The totality of the evidence weighs heavily towards a finding that the parties draw companionship and emotional support from each other and from their relationship. Taken with evidence of the duration of the parties’ relationship, and the length of time the parties have lived together, the Tribunal is satisfied that the parties have a commitment to a shared life as a married couple to the exclusion of all others.
CONCLUSION
On the basis of the above the Tribunal is satisfied that the requirements of s.5F(2) are met at the time the visa application was made and at the time of this decision. The parties’ relationship is genuine and continuing, they have a commitment to a shared life as a married couple to the exclusion of all others, and they do not live separately and apart on a permanent basis.
Therefore the visa applicant meets cl.309.211 and cl.309.221.
Given the findings above, the appropriate course is to remit the application for the visa to the Minister to consider the remaining criteria for a Subclass 309 visa.
DECISION
The Tribunal remits the application for a Partner (Provisional) (Class UF) visa for reconsideration, with the direction that the visa applicant meets the following criteria for a Subclass 309 (Partner (Provisional)) visa:
·cl.309.211 of Schedule 2 to the Regulations; and
·cl.309.221 of Schedule 2 to the Regulations.
David Crawshay
MemberATTACHMENT - Extract from Migration Regulations 1994
1.15ASpouse
(1)For subsection 5F (3) of the Act, this regulation sets out arrangements for the purpose of determining whether 1 or more of the conditions in paragraphs 5F (2) (a), (b), (c) and (d) of the Act exist.
(2)If the Minister is considering an application for:
(a)a Partner (Migrant) (Class BC) visa; or
(b)a Partner (Provisional) (Class UF) visa; or
(c)a Partner (Residence) (Class BS) visa; or
(d)a Partner (Temporary) (Class UK) visa;
the Minister must consider all of the circumstances of the relationship, including the matters set out in subregulation (3).

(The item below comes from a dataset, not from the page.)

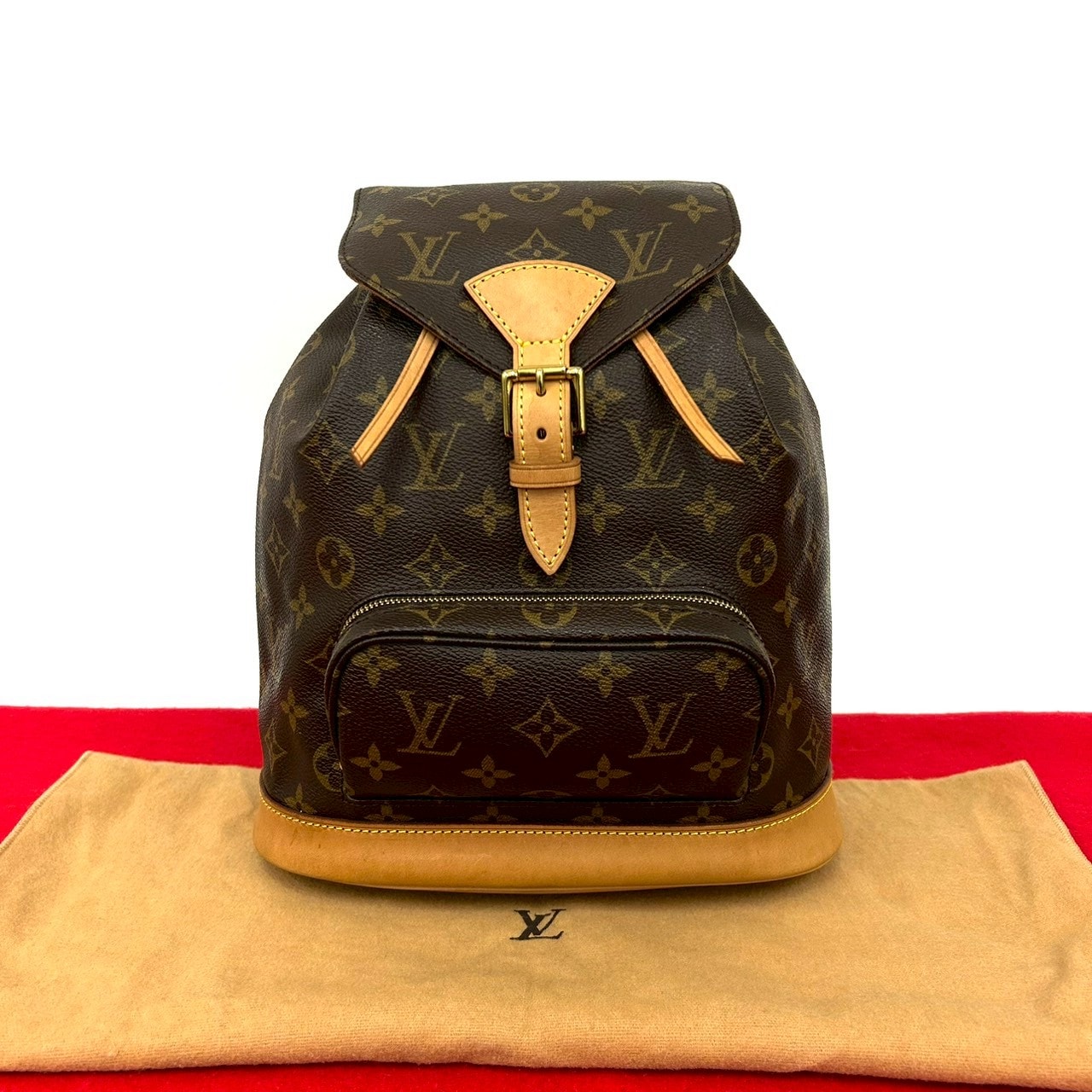 LOUIS VUITTON ルイヴィトン モンスリ MM モノグラム レザー PVC リュックサック ブラウン

(3)The matters for subregulation (2) are:
(a)the financial aspects of the relationship, including:
(i) any joint ownership of real estate or other major assets; and
(ii) any joint liabilities; and
(iii) the extent of any pooling of financial resources, especially in relation to major financial commitments; and
(iv) whether one person in the relationship owes any legal obligation in respect of the other; and
(v) the basis of any sharing of day‑to‑day household expenses; and
(b)the nature of the household, including:
(i) any joint responsibility for the care and support of children; and
(ii) the living arrangements of the persons; and
(iii) any sharing of the responsibility for housework; and
(c)the social aspects of the relationship, including:
(i) whether the persons represent themselves to other people as being married to each other; and
(ii) the opinion of the persons’ friends and acquaintances about the nature of the relationship; and
(iii) any basis on which the persons plan and undertake joint social activities; and
(d)the nature of the persons’ commitment to each other, including:
(i) the duration of the relationship; and
(ii) the length of time during which the persons have lived together; and
(iii) the degree of companionship and emotional support that the persons draw from each other; and
(iv) whether the persons see the relationship as a long‑term one.
(4)If the Minister is considering an application for a visa of a class other than a class mentioned in subregulation (2), the Minister may consider any of the circumstances mentioned in subregulation (3).